Table 3 shows K_j-exp obtained through the tightening test, K_ew obtained through the washer embedment test, and K_j-cal calculated from Eq. (3). Here, K_j-exp and K_ew were derived using the least squares method, with intervals of 2–4 kN for C. japonica and T. sieboldii and 4–6 kN for T. dolabrata and L. kaempferi assumed as the linear gradients in the elastic region. The results indicate that K_j-cal was 1.2 times K_j-exp for C. japonica, but the values were generally in agreement for other wood species. Figure 6 shows the relationship between K_j-exp, K_j-cal, and density for the test pieces of each wood species. For C. japonica and L. kaempferi, both K_j-exp and K_j-cal tended to increase as density increased. For L. kaempferi, the distributions of K_j-exp and K_j-cal nearly overlap. In case of K_j-cal for C. japonica, the test piece group with a density of over 400 kg/m³ exhibited a high value. From this test piece group, it can be understood that the difference between K_j-cal and K_j-exp in Table 3 increased. For T. dolabrata, no clear tendency was seen in the relationship between density and K_j-exp or K_j-cal; however, the distributions of K_j-exp and K_j-cal can be seen to generally overlap. Conversely, for T. sieboldii, K_j-exp was clearly lower in five test pieces than in the remaining test pieces; however, the distributions of K_j-exp and K_j-cal in the remaining test pieces generally overlapped.

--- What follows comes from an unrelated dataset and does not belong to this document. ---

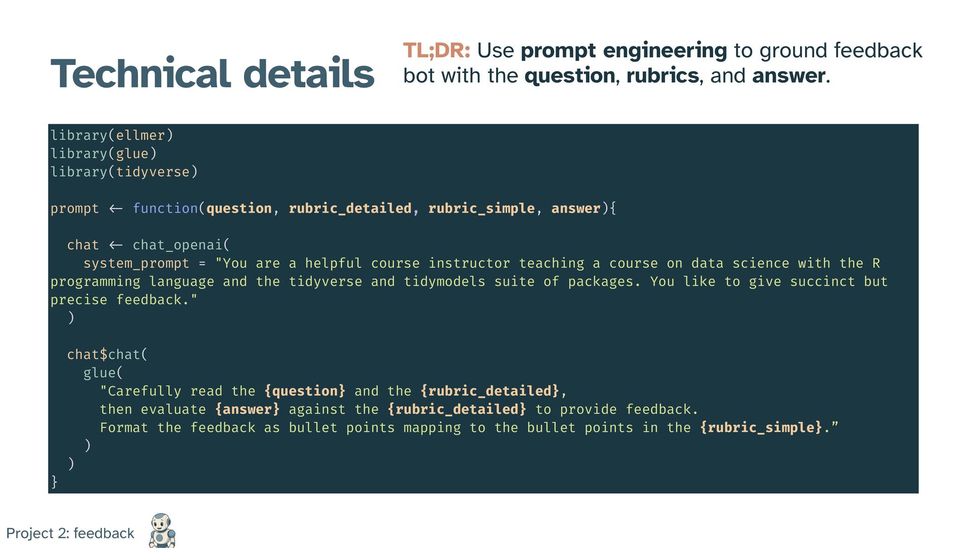 with the question, rubrics, and answer. library(ellmer) library(glue) library(tidyverse) prompt < - function(question, rubric_detailed, rubric_simple, answer){ chat < - chat_openai( system_prompt = "You are a helpful course instructor teaching a course on data science with the R programming language and the tidyverse and tidymodels suite of packages. You like to give succinct but precise feedback." ) chat$chat( glue( "Carefully read the {question} and the {rubric_detailed}, then evaluate {answer} against the {rubric_detailed} to provide feedback. Format the feedback as bullet points mapping to the bullet points in the {rubric_simple}.” ) ) } Project 2: feedback

Table 3 Comparative of K_j-exp and K_j-cal

Fig. 6

Relationship between K_j-exp, K_j-cal, and density

These results indicate that elastic stiffness K_j during the tightening of bolted timber joints can be calculated with high accuracy using the embedment spring constant K_ew of the washer and the spring constant K_b of the bolt. In addition, assuming that the turn-of-nut method is applied to bolted timber joints, it can be understood from Eq. (3) that lowering K_b or K_ew will decrease K_j. However, Fig. 6 shows that variation in K_ew, while differing in degree according to wood species, is unavoidable. Furthermore, it can be predicted that K_j will change depending on timber thickness. We hope to further investigate on how this variation in K_ew and effect of timber thickness affects tightening accuracy in application of the turn-of-nut method.

Conclusions

The elastic stiffness of joints during tightening, an important index for setting the rotation angle to obtain target axial force for bolted timber joints, was considered and calculated from a series spring model using the spring constant of bolts and the embedment spring constant of washers. This was compared with the elastic stiffness obtained from the tightening test. The findings of the study are as follows:

1. (1)

   The relationship between the axial force and the rotation angle obtained from the tightening test conducted for four wood species was similar to the relationship between load and displacement obtained from the washer embedment test conducted for the four wood species. Furthermore, the relationships initially show slipping properties, after which the axial force and load increased nearly linearly. However, from the point of yield onward, a non-linear relationship was displayed. In addition, the yield axial force was manifested by the embedment of the washer.

2. (2)

   The results calculated using the series spring model was able to capture the results of the tightening test, and the calculation can be performed with high accuracy.

At the same time, the embedment spring constant of the washers exhibited considerable variation. The effect of this variation on tightening accuracy under the turn-of-nut method remains a topic for further study.